---------- Forwarded message ----------
From: Alexey Melnikov <alexey....@isode.com>
Date: Wed, Jan 12, 2011 at 6:01 AM
Subject: Request for review of the draft describing about: URIs
To: Robert Sayre <say...@gmail.com>
Hi Robert,
Can you or one of your co-workers review
<http://www.ietf.org/id/draft-holsten-about-uri-scheme-06.txt> and make
sure that it is Ok and matches what Mozilla is doing?
Thanks,
Alexey
--
IETF Application Area Director, <http://www.ietf.org/iesg/members.html>
Internet Messaging Team Lead, <http://www.isode.com>
JID: same as my email address
> ---------- Forwarded message ----------
> From: Alexey Melnikov <alexey....@isode.com>
> Date: Wed, Jan 12, 2011 at 6:01 AM
> Subject: Request for review of the draft describing about: URIs
> To: Robert Sayre <say...@gmail.com>
> Hi Robert,
> Can you or one of your co-workers review
> <http://www.ietf.org/id/draft-holsten-about-uri-scheme-06.txt> and make
> sure that it is Ok and matches what Mozilla is doing?

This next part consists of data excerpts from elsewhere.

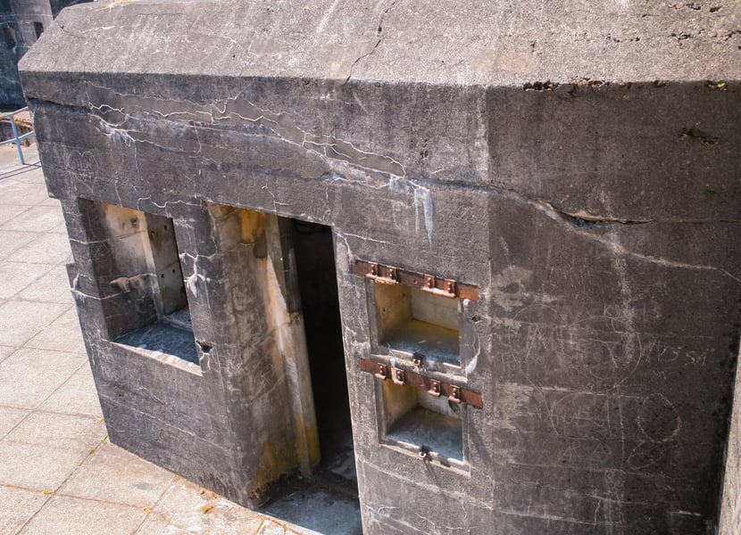 There are two levels to explore. The lower level includes old ammunition rooms, offices, guard rooms, and storage rooms. On the upper level, you can check out the old gun pit which housed two 10-inch disappearing guns. These guns would retract from view while soldiers reloaded, which provided cover from attacking enemies. Each gun required a team of 35 men to run!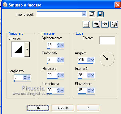 Effetti>Effetti 3D>Smusso a incasso, con i settaggi precedenti.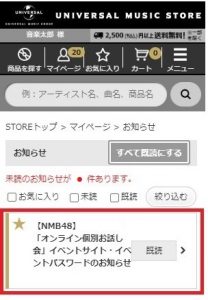 UNIVERSAL MUSIC STOREログイン後の【マイページ】内、【お知らせ】ページにてご確認いただけます。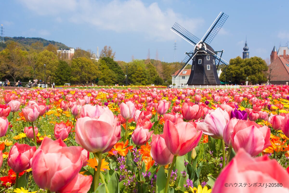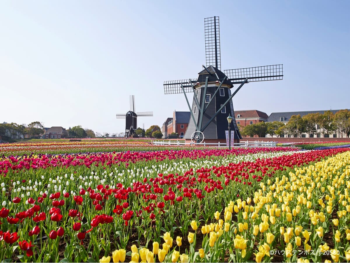 風車の前に広がるチューリップ畑は息をのむほどの絶景で、人気の撮影スポットでもあります。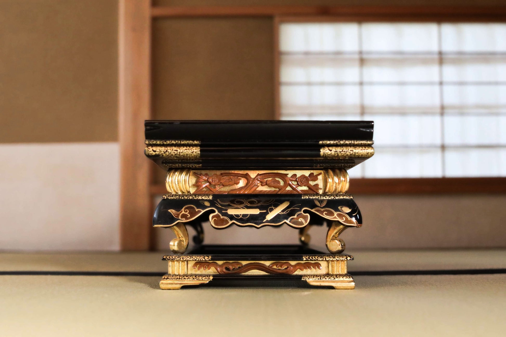 Japanese vintage MAKIE lacquer pedestal, Buddhist table temple stand, furniture, Sutra desk W24.4in/W62cm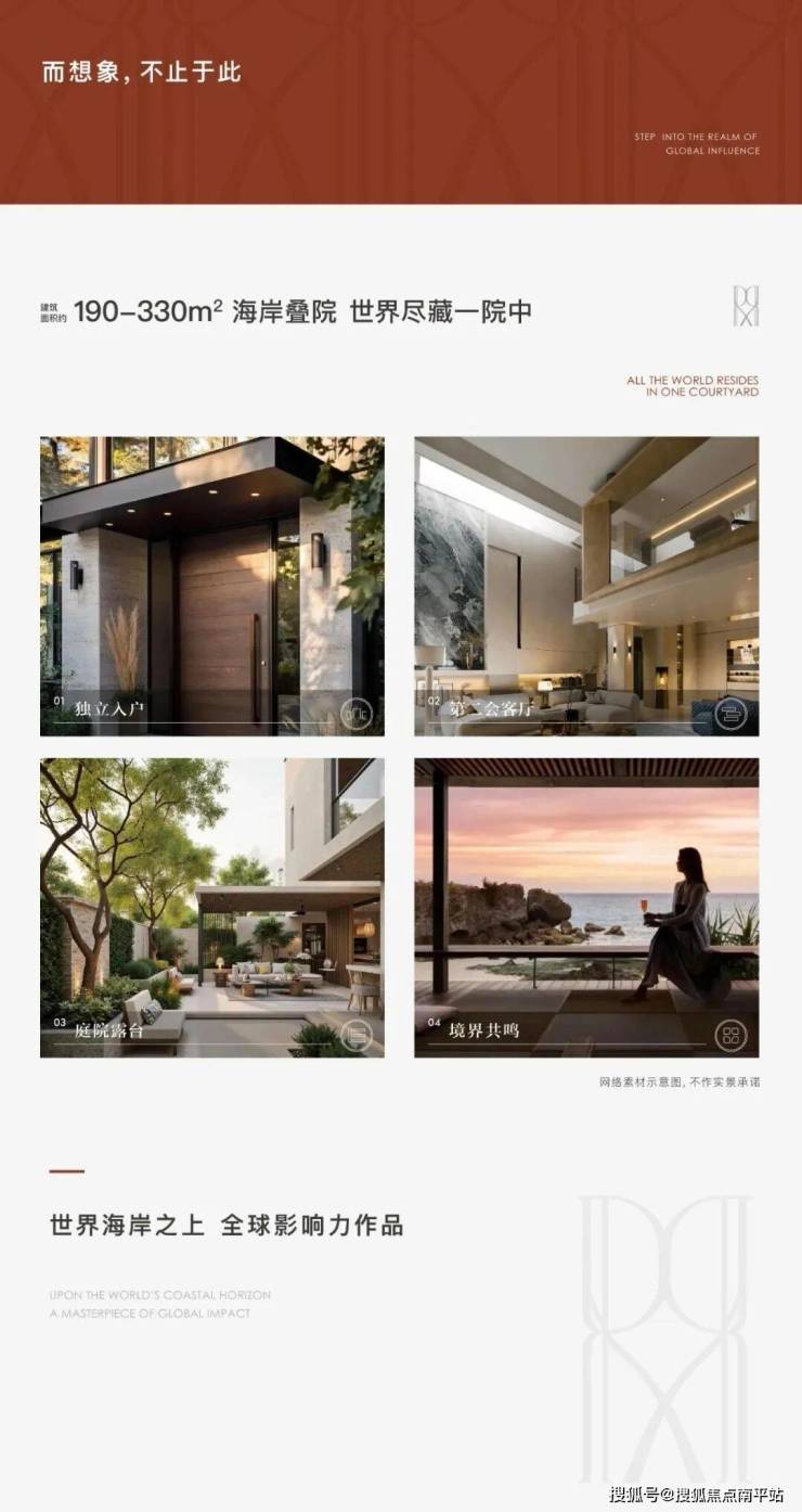 上叠,除独门独院和地下室之外,还专享超大瞰海天台,客厅挑高达到创纪录的7米,并采用了造价高昂的“全面屏玻璃”外立面。

The spec is pretty loose, so it's mostly ok. There are two differences
from what we implement that I can see:
1) Section 5.3:
Applications SHOULD resolve unrecognized "about" URIs in the
same way as "about:blank".
We treat unknown about:* as unparseable URIs. I think we want to keep
that behavior, honestly. That's allowed by the SHOULD, but I'd like to
understand why this is a SHOULD and not a MAY, not to mention why it's
there at all.
2) Section 6:
For example, "about:blank", "about:blan%6B" and "about:blan%6b"
are equivalent
In our code they are not. The string after ':' is treated as a literal
string; when looking up about modules, so the second and third URIs
above are treated as unparseable by us. We could consider changing
this, but there are some security implications to doing that (certainly
we'd need to audit some security code).
And the same section says:
Similarly, "about:blank%3F" is not equivalent to "about:blank?".
which actually makes me wonder how one is supposed to know what _should_
get unescaped and what shouldn't..... I would really rather there were
no random equivalences here other than bitwise comparison.